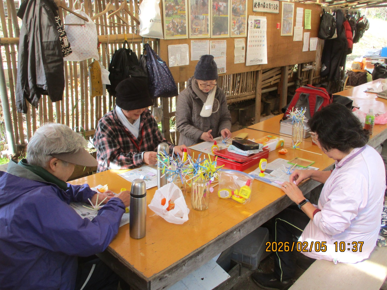 園農部会女性会員の風車つくりです。千年の保育園訪問時に持参するようです。
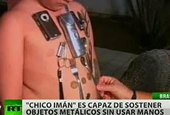 En Brasil vive un niño muy especial: su cuerpo funciona como un verdadero magneto. Su abdomen, espalda y pecho atraen objetos metálicos que quedan pegados a su piel.Paulo David Amorim, del estado Rio Grande do Norte, puede llevar cucharas, tijeras e incluso cazuelas pegados a su cuerpo. Durante una entrevista con el canal brasileño TV Globo, el padre del chico contó que un día pidió a su hijo que le trajera un cuchillo y un tenedor "¡y fue una sorpresa para mí que se le engancharon!".
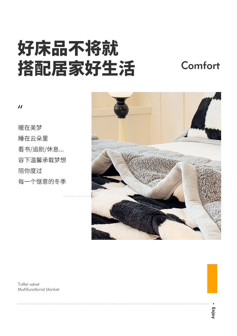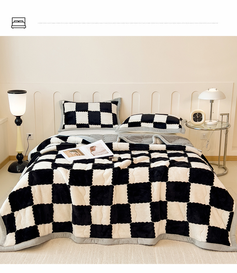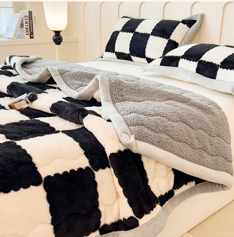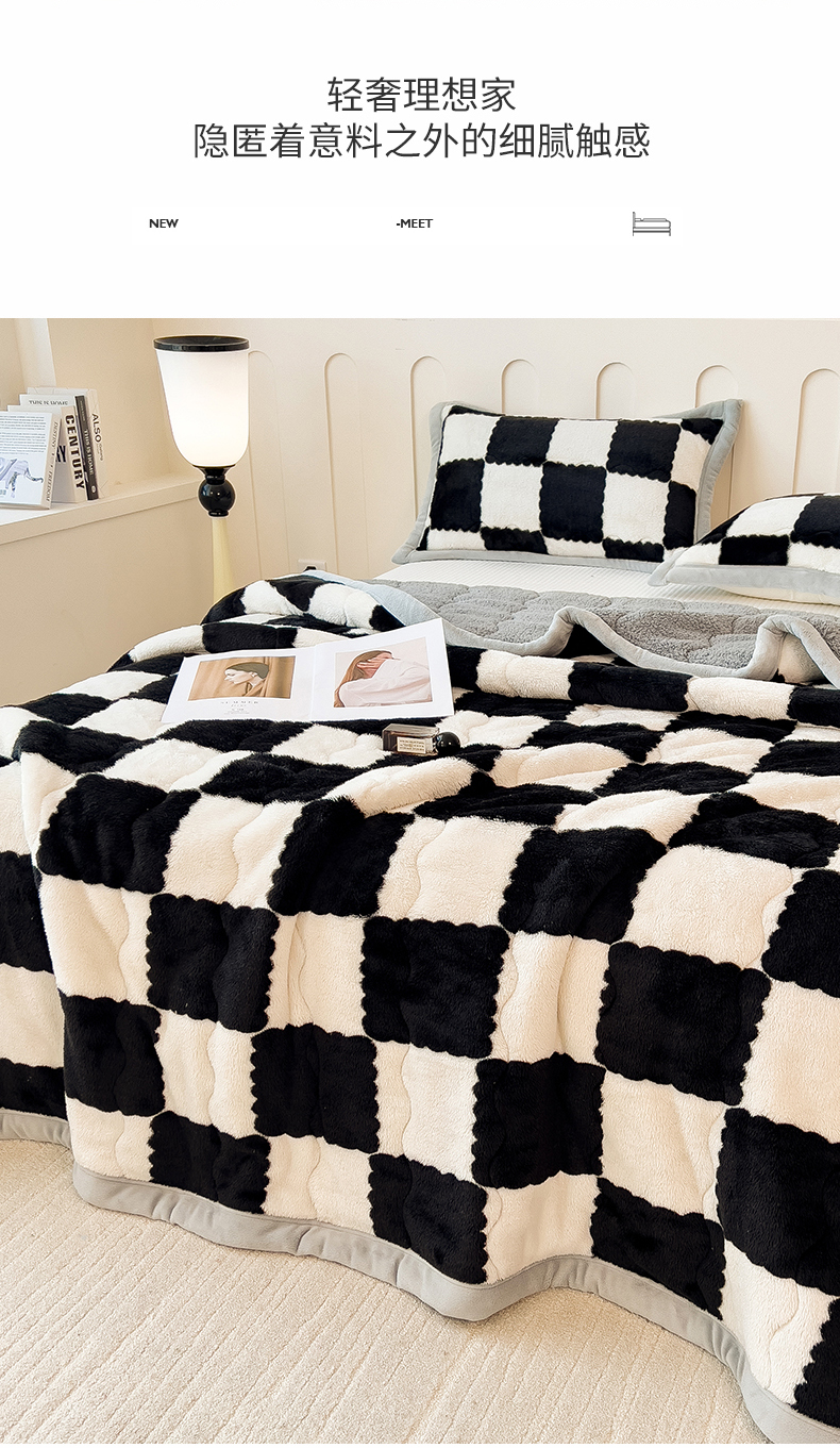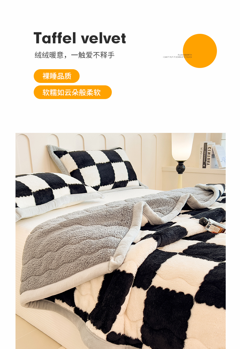 当前位置: 91家纺网 > 商品网购 > 毛毯休闲毯绒毯 > 毛毯 > 慕木家纺 2025新款A类北极绒棋盘格三层夹棉双面毛毯 三层夹棉毛毯-棋盘格黑白+灰
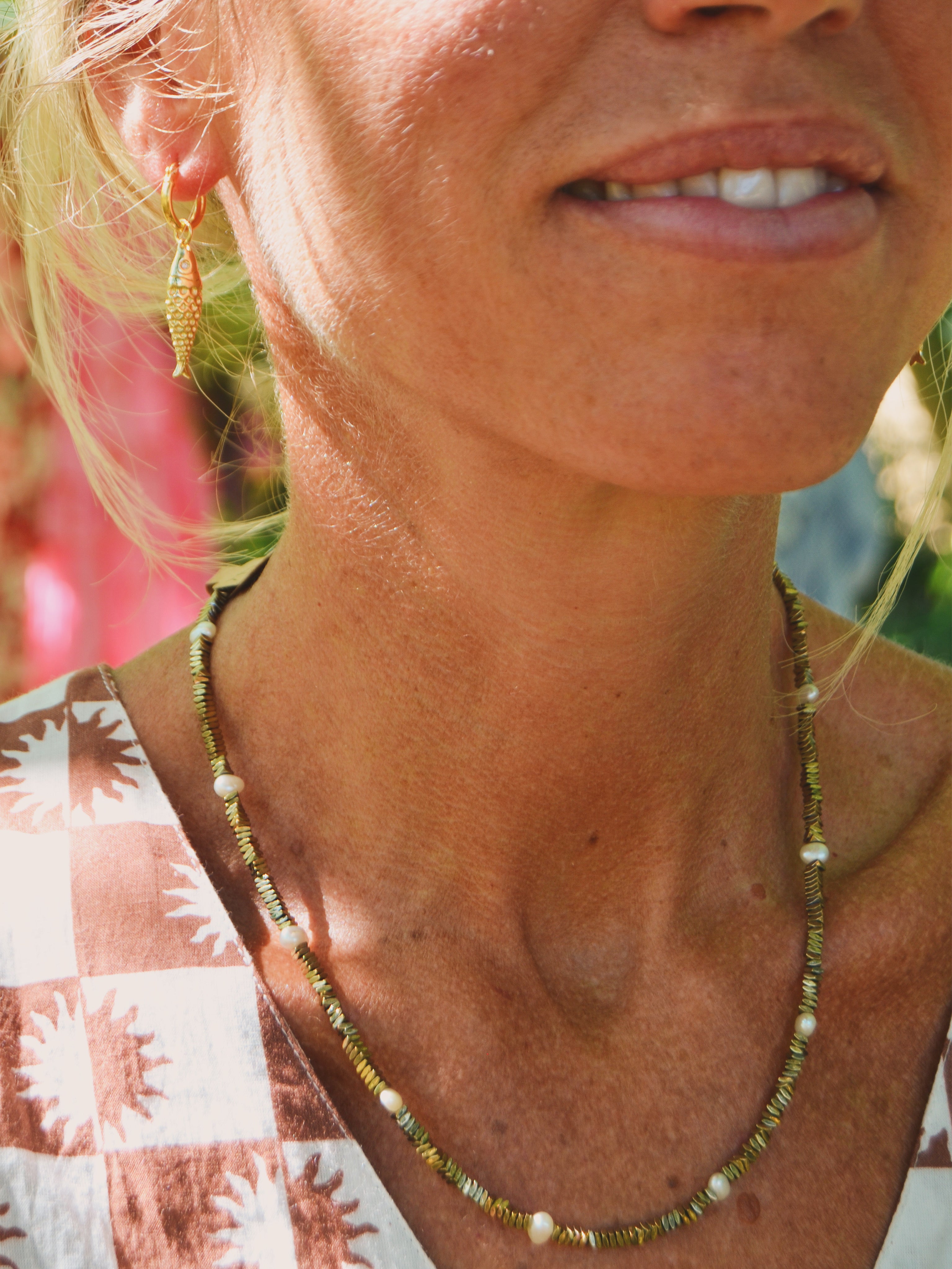 The Gold Hematite & Pearl Spacer necklace by Bella Riley. Exclusive to Percy Langley. Handmade in Hackney by jeweller Bella Riley, maker of joyful Demi-fine jewellery. Bella’s designs beautifully balance classic and edgy. Gold hematite beads with freshwater nugget pearl spacers. Shimmers and move beautifully replicating a traditional gold chain. Finished with gold-plated clasp lined with the signature Bella Riley neon glass beads.
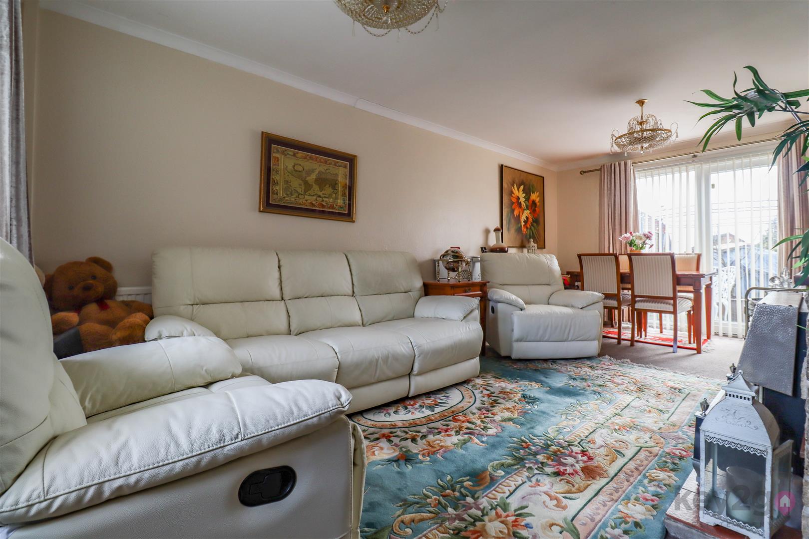 A useful entrance porch leads to a composite door opening into the hallway, which features a storage cupboard and stairs rising to the first floor. A door leads into the lounge/diner, a spacious room spanning the full width of the house and benefiting from sliding patio doors opening to the garden. From here, there is access to the kitchen and a door leading to the utility room. The utility room offers space and plumbing for a washing machine and provides access to the rear porch, which in turn leads out to the garden, along with a second door giving access to the front.
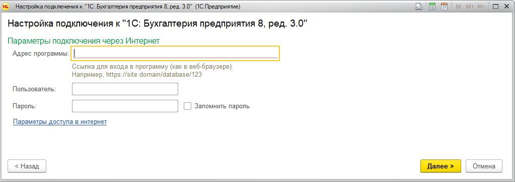 Если подключаетесь к базе, расположенной в сервисе 1cfresh.com, или информационной базе, опубликованной в интернете, укажите ссылку на размещение базы,
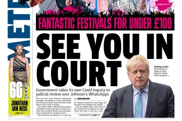 The Metro reports on the government’s move to judicial review over the COVID inquiry, specifically related to Boris Johnson’s WhatsApp messages.

INSTRUCTIONS FOR THE TASK
Nothing but the lines from the one containing "A useful entrance" through the final line of the records, both included and copied exactly, should appear in the answer; pictures stay out.

COMPLETED TASK
 A useful entrance porch leads to a composite door opening into the hallway, which features a storage cupboard and stairs rising to the first floor. A door leads into the lounge/diner, a spacious room spanning the full width of the house and benefiting from sliding patio doors opening to the garden. From here, there is access to the kitchen and a door leading to the utility room. The utility room offers space and plumbing for a washing machine and provides access to the rear porch, which in turn leads out to the garden, along with a second door giving access to the front.
 Если подключаетесь к базе, расположенной в сервисе 1cfresh.com, или информационной базе, опубликованной в интернете, укажите ссылку на размещение базы,
 The Metro reports on the government’s move to judicial review over the COVID inquiry, specifically related to Boris Johnson’s WhatsApp messages.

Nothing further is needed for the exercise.